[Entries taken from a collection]
*** Begin section ***
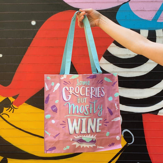 Some Groceries But Mostly Wine Large Market Tote Bag in Pink and Blue | 15.50" x 15.25" x 6"
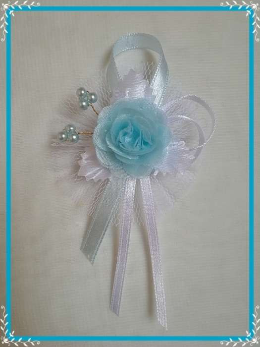 1" Bokréta, kitűző világoskék-fehér
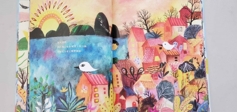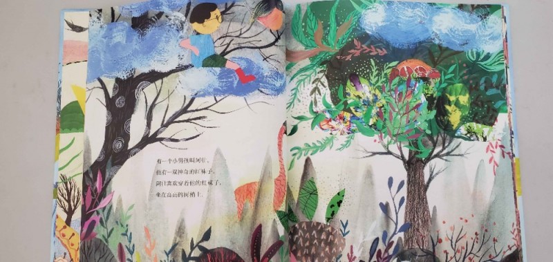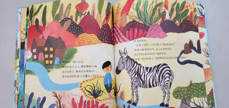 今天试读的书是一本非常漂亮又有内涵的书。收到这本书的快递的时候都有点迷茫。因为快递包装很大。这本书被保护的非常好编辑老师真的是很用心了。 这本书的作者和绘画是同一个人,名字叫邢志伟。听说是一个非常年轻的作者。从插图上看也是充满了童趣。有点像小朋友们自己画的画。颜色非常的鲜艳线条也非常的分明。蓝蓝的天空绿绿的树木。各种形态各异的动物植物呈现在孩子们面前。有点抽象派但是符合孩子的认知,阅读起来会更有融入感更容易接受吧。 红袜子在我们中国是有着很好的寓意的。一般本命年的人会在春节的时候穿红袜子带红腰带。首先红色看着就是特别喜庆的颜色其次有辟邪走鸿运得含义。我想作者起这个名字也是有着美好愿望的。 故事中的小男孩叫阿壮,肯定是个壮壮实实的小朋友。穿着蓝色上衣绿色的短裤,最醒目的就是这双神奇的红色袜子了。他喜欢穿着红色袜子坐在高高的树梢上,这双红色袜子给了阿壮神奇的力量。这副夕阳下的景色真的是太美了,就像孔雀开屏一样漂亮,房顶上好像长了海草一样。这幅画真的是让人脑洞大开啊。穿着红袜子阿壮总是可以找到回家的路,不怕远也不怕黑。每天都想着第二天要去那里探险。有一天阿壮突然发现自己的红袜子不见了,他上山下海的到处找,但是总也找不到。后来他问了森林里最聪明的动物斑马。斑马告诉他:“红袜子消失了,是因为他已经不需要了。“没有红袜子阿壮依然可以想去自己想去的任何地方。 我们父母就是孩子的红袜子。随着孩子年龄和阅历的增长他们慢慢就不在依赖我们了。往往这个时候父母还会有点失落吧。所以在孩子小的时候我们要多多陪伴孩子。除了陪伴还要培养孩子应对各种问题的能力。孩子们都是特别期待自己快快长大的。我们大人倒是希望时间能在慢一点。最近打算跟老二分床睡呢。我跟孩子说好他睡着我在走。我发现孩子真的好像是无所谓的,晚上虽然一开始总是说睡不着但是拍了拍也就很快入睡了。反倒是我总是特别舍不得离开。我晚上又留在孩子旁边睡的。早晨睡醒孩子看到我还挺纳闷的呢。我说我昨天不小心睡着了。
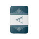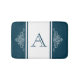 Elegant monogram design with floral decoration and stripes on blue and white background
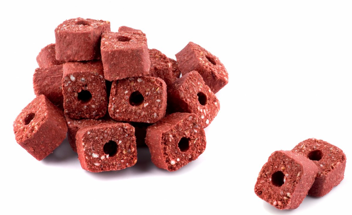 Krążki z dodatkiem wołowiny, kurczaka lub jagnięciny to pyszne i łatwo przyswajalne przekąski. Dzięki swojej miękkości idealnie nadają się dla wszystkich psów, nawet małych lub starszych, które mają problemy z gryzieniem. Mięsny smak oraz zachęcający zapach sprawiają, że psy je chętnie zjadają. Przekąska sprawdzi się jako nagroda podczas treningu.
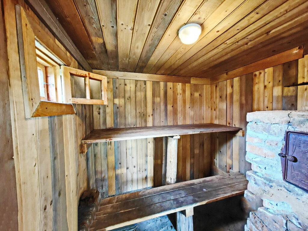 Участок, на котором расположен дом, составляет более 23 соток и огорожен, хотя забор выполнен чисто символически — на границе участка стоят вертикальные столбы и два горизонтальных бруса, что придает ему деревенскую атмосферу. Кроме самого дома и бани на участке также имеется гараж, а также старинный сухой каменный сарай, который может служить дополнительным хранилищем или местом для хранения инвентаря. Стоит этот дом на берегу реки дешевле дач в пригороде — 19 900 долларов.
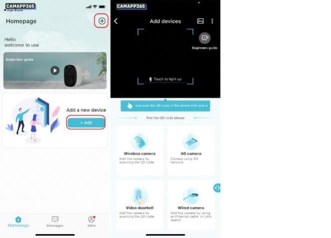 2. Have the invitee download the O-KAM Pro APP and register and login, then click + scan the QR code to add a camera.
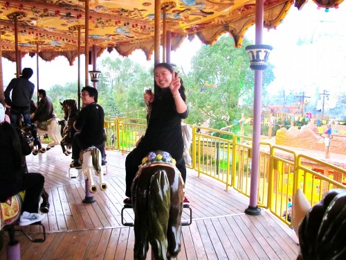 云霄飛車、海盜船、旋轉(zhuǎn)木馬、翻天覆地,每一個(gè)游樂項(xiàng)目前都晃動(dòng)著帶著雙童標(biāo)志的白色帽子,每一個(gè)風(fēng)景秀麗處都有我們的歡聲笑語飛出。大家互相交流著自己對每一個(gè)游樂項(xiàng)目的感受,到處都是興奮的笑臉。
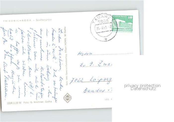 71964169 alte Postkarte Friedrichroda Spiessberghaus postalisch gelaufen Erhaltung siehe scans KatCode: 11110016067019
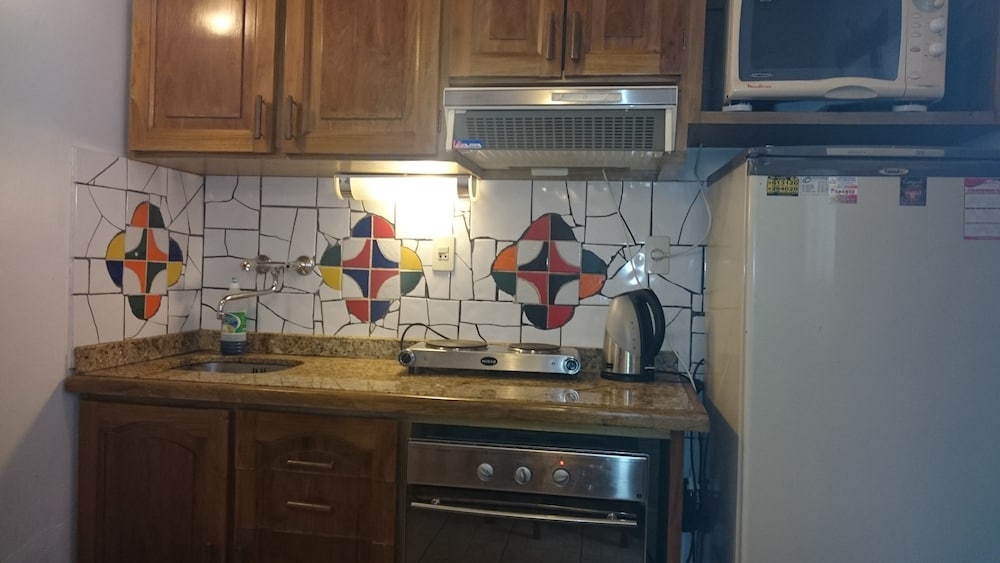 This is a chance to get away from overpriced hotels or questionable motels. You have an apartment with plenty of room, a kitchenette, and separate sleeping and living room areas. There were two air conditioners and two large ceiling fans.
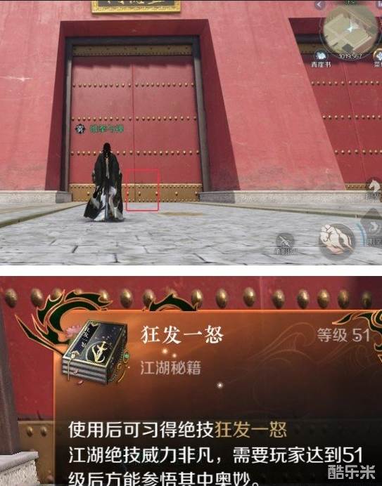 4、依据红光指示前进,可以在皇城门后看见一个巨大的宝箱,开启箱子就能找到“狂发一怒”技能了。
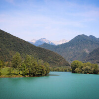 Další úsek na město Tolmin se zdá být na mapě jen další rychlý okreskový přesun ne nepodobný těm z předchozího dne. Jenže realita je úplně jiná. Do skály vytesaná relativně široká silnice má znatelný pozitivní náklon do zatáček a ač vlastně není chvíli rovná, tak má mírný poloměr zatáček, což z ní dělá velice příjemně svižný přesun. Mezi stromy prokoukává obrovské údolí, kterým je vidět několik desítek kilometrů do dálky. Od kochaček, ale odrazují výhružné značky s poměrně detailním výtvarným zpracováním lowsideru. Kde ale úplně ztratím pozornost, to je vodní nádrž ve městě Most na Soči, kde zmíněnou řekou akumuluje nádrž. Tyrkysově modrá voda úplně svítí pod světlou siluetou vzdáleného Triglavu a aby to nebyl moc malý kýč, tak po hladině projíždí dřevěná výletní loď, kterou sleduji ze starobylé kamenné konstrukce břehu. Jak je možné mít tolik různých superfotogenických krajin na tak malém prostoru, to mi hlava nebere. V ten moment se kolega Zephyr odděluje směrem na Ljublaň a dostávám dost vágní popis cesty dál. Následující trasa je proto pro mě trochu tajemství i když se ji snažím teď rekonstruovat od stolu, ale po vcelku hezké „jedničkové“ silnici se dostávám na dohled italské hranice ve městě Nová Gorica, odkud se stáčím směrem na Rijeku a zanedlouho přejíždím chorvatskou hranici. Připadá mi jako bych jel snad tři dny podle toho kolika různými prostředími jsem za těch několik desítek kilometrů projel. Slovinsko doopravdy předčilo moje očekávání. Skvělá příroda, skvělé silnice, milý lidé a rozumné množství turistů. Fakt stojí za to si udělat den zajížďku po cestě do Chorvatského letoviska a užít si tuhle krásnou zemičku.
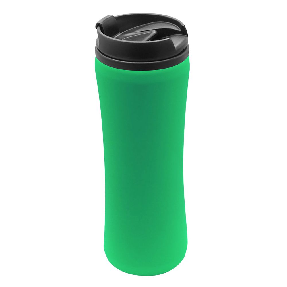 Термокружка изготовлена из нержавеющей стали с покрытием софт тач. Внутренняя колба сделана из пластика. Вакуумная конструкция. Откидной клапан позволяет пить, не снимая крышку, что помогает дольше сохранить начальную температуру напитка. Объем термокружки – 500 мл.
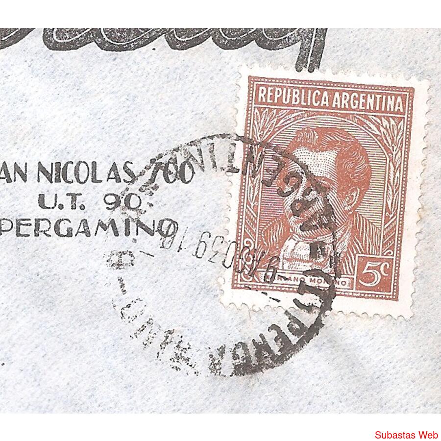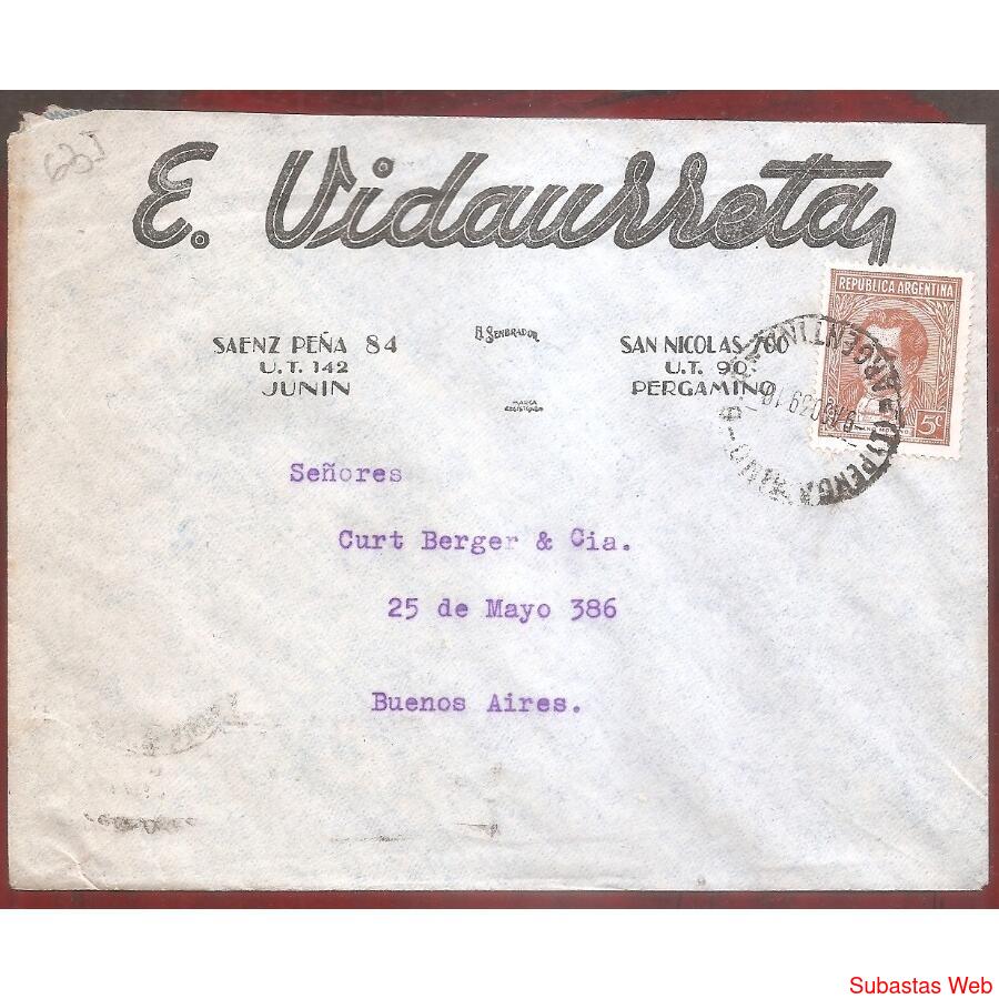 Sobre Circulado el 9 DE AGOSTO de 1939 de PERGAMINO A BUENOS AIRES CAPITAL FEDERAL FRANQUEO: PROCERES Y RIQUEZAS, MORENO DE 5ctvs. Matasellos al frente DE PERGAMINO AL DORDO MATASELLO DE BUENOS AIRES CON BANDELETA: 29-7-39, SOBRE MEMBRETADO: E. VIDAURRETA
*** End section ***
● What is needed
Output all of the records word for word, and keep the pictures out of the copy.

● Solution below
 Some Groceries But Mostly Wine Large Market Tote Bag in Pink and Blue | 15.50" x 15.25" x 6"
 1" Bokréta, kitűző világoskék-fehér
 今天试读的书是一本非常漂亮又有内涵的书。收到这本书的快递的时候都有点迷茫。因为快递包装很大。这本书被保护的非常好编辑老师真的是很用心了。 这本书的作者和绘画是同一个人,名字叫邢志伟。听说是一个非常年轻的作者。从插图上看也是充满了童趣。有点像小朋友们自己画的画。颜色非常的鲜艳线条也非常的分明。蓝蓝的天空绿绿的树木。各种形态各异的动物植物呈现在孩子们面前。有点抽象派但是符合孩子的认知,阅读起来会更有融入感更容易接受吧。 红袜子在我们中国是有着很好的寓意的。一般本命年的人会在春节的时候穿红袜子带红腰带。首先红色看着就是特别喜庆的颜色其次有辟邪走鸿运得含义。我想作者起这个名字也是有着美好愿望的。 故事中的小男孩叫阿壮,肯定是个壮壮实实的小朋友。穿着蓝色上衣绿色的短裤,最醒目的就是这双神奇的红色袜子了。他喜欢穿着红色袜子坐在高高的树梢上,这双红色袜子给了阿壮神奇的力量。这副夕阳下的景色真的是太美了,就像孔雀开屏一样漂亮,房顶上好像长了海草一样。这幅画真的是让人脑洞大开啊。穿着红袜子阿壮总是可以找到回家的路,不怕远也不怕黑。每天都想着第二天要去那里探险。有一天阿壮突然发现自己的红袜子不见了,他上山下海的到处找,但是总也找不到。后来他问了森林里最聪明的动物斑马。斑马告诉他:“红袜子消失了,是因为他已经不需要了。“没有红袜子阿壮依然可以想去自己想去的任何地方。 我们父母就是孩子的红袜子。随着孩子年龄和阅历的增长他们慢慢就不在依赖我们了。往往这个时候父母还会有点失落吧。所以在孩子小的时候我们要多多陪伴孩子。除了陪伴还要培养孩子应对各种问题的能力。孩子们都是特别期待自己快快长大的。我们大人倒是希望时间能在慢一点。最近打算跟老二分床睡呢。我跟孩子说好他睡着我在走。我发现孩子真的好像是无所谓的,晚上虽然一开始总是说睡不着但是拍了拍也就很快入睡了。反倒是我总是特别舍不得离开。我晚上又留在孩子旁边睡的。早晨睡醒孩子看到我还挺纳闷的呢。我说我昨天不小心睡着了。
 Elegant monogram design with floral decoration and stripes on blue and white background
 Krążki z dodatkiem wołowiny, kurczaka lub jagnięciny to pyszne i łatwo przyswajalne przekąski. Dzięki swojej miękkości idealnie nadają się dla wszystkich psów, nawet małych lub starszych, które mają problemy z gryzieniem. Mięsny smak oraz zachęcający zapach sprawiają, że psy je chętnie zjadają. Przekąska sprawdzi się jako nagroda podczas treningu.
 Участок, на котором расположен дом, составляет более 23 соток и огорожен, хотя забор выполнен чисто символически — на границе участка стоят вертикальные столбы и два горизонтальных бруса, что придает ему деревенскую атмосферу. Кроме самого дома и бани на участке также имеется гараж, а также старинный сухой каменный сарай, который может служить дополнительным хранилищем или местом для хранения инвентаря. Стоит этот дом на берегу реки дешевле дач в пригороде — 19 900 долларов.
 2. Have the invitee download the O-KAM Pro APP and register and login, then click + scan the QR code to add a camera.
 云霄飛車、海盜船、旋轉(zhuǎn)木馬、翻天覆地,每一個(gè)游樂項(xiàng)目前都晃動(dòng)著帶著雙童標(biāo)志的白色帽子,每一個(gè)風(fēng)景秀麗處都有我們的歡聲笑語飛出。大家互相交流著自己對每一個(gè)游樂項(xiàng)目的感受,到處都是興奮的笑臉。
 71964169 alte Postkarte Friedrichroda Spiessberghaus postalisch gelaufen Erhaltung siehe scans KatCode: 11110016067019
 This is a chance to get away from overpriced hotels or questionable motels. You have an apartment with plenty of room, a kitchenette, and separate sleeping and living room areas. There were two air conditioners and two large ceiling fans.
 4、依据红光指示前进,可以在皇城门后看见一个巨大的宝箱,开启箱子就能找到“狂发一怒”技能了。
 Další úsek na město Tolmin se zdá být na mapě jen další rychlý okreskový přesun ne nepodobný těm z předchozího dne. Jenže realita je úplně jiná. Do skály vytesaná relativně široká silnice má znatelný pozitivní náklon do zatáček a ač vlastně není chvíli rovná, tak má mírný poloměr zatáček, což z ní dělá velice příjemně svižný přesun. Mezi stromy prokoukává obrovské údolí, kterým je vidět několik desítek kilometrů do dálky. Od kochaček, ale odrazují výhružné značky s poměrně detailním výtvarným zpracováním lowsideru. Kde ale úplně ztratím pozornost, to je vodní nádrž ve městě Most na Soči, kde zmíněnou řekou akumuluje nádrž. Tyrkysově modrá voda úplně svítí pod světlou siluetou vzdáleného Triglavu a aby to nebyl moc malý kýč, tak po hladině projíždí dřevěná výletní loď, kterou sleduji ze starobylé kamenné konstrukce břehu. Jak je možné mít tolik různých superfotogenických krajin na tak malém prostoru, to mi hlava nebere. V ten moment se kolega Zephyr odděluje směrem na Ljublaň a dostávám dost vágní popis cesty dál. Následující trasa je proto pro mě trochu tajemství i když se ji snažím teď rekonstruovat od stolu, ale po vcelku hezké „jedničkové“ silnici se dostávám na dohled italské hranice ve městě Nová Gorica, odkud se stáčím směrem na Rijeku a zanedlouho přejíždím chorvatskou hranici. Připadá mi jako bych jel snad tři dny podle toho kolika různými prostředími jsem za těch několik desítek kilometrů projel. Slovinsko doopravdy předčilo moje očekávání. Skvělá příroda, skvělé silnice, milý lidé a rozumné množství turistů. Fakt stojí za to si udělat den zajížďku po cestě do Chorvatského letoviska a užít si tuhle krásnou zemičku.
 Термокружка изготовлена из нержавеющей стали с покрытием софт тач. Внутренняя колба сделана из пластика. Вакуумная конструкция. Откидной клапан позволяет пить, не снимая крышку, что помогает дольше сохранить начальную температуру напитка. Объем термокружки – 500 мл.
 Sobre Circulado el 9 DE AGOSTO de 1939 de PERGAMINO A BUENOS AIRES CAPITAL FEDERAL FRANQUEO: PROCERES Y RIQUEZAS, MORENO DE 5ctvs. Matasellos al frente DE PERGAMINO AL DORDO MATASELLO DE BUENOS AIRES CON BANDELETA: 29-7-39, SOBRE MEMBRETADO: E. VIDAURRETA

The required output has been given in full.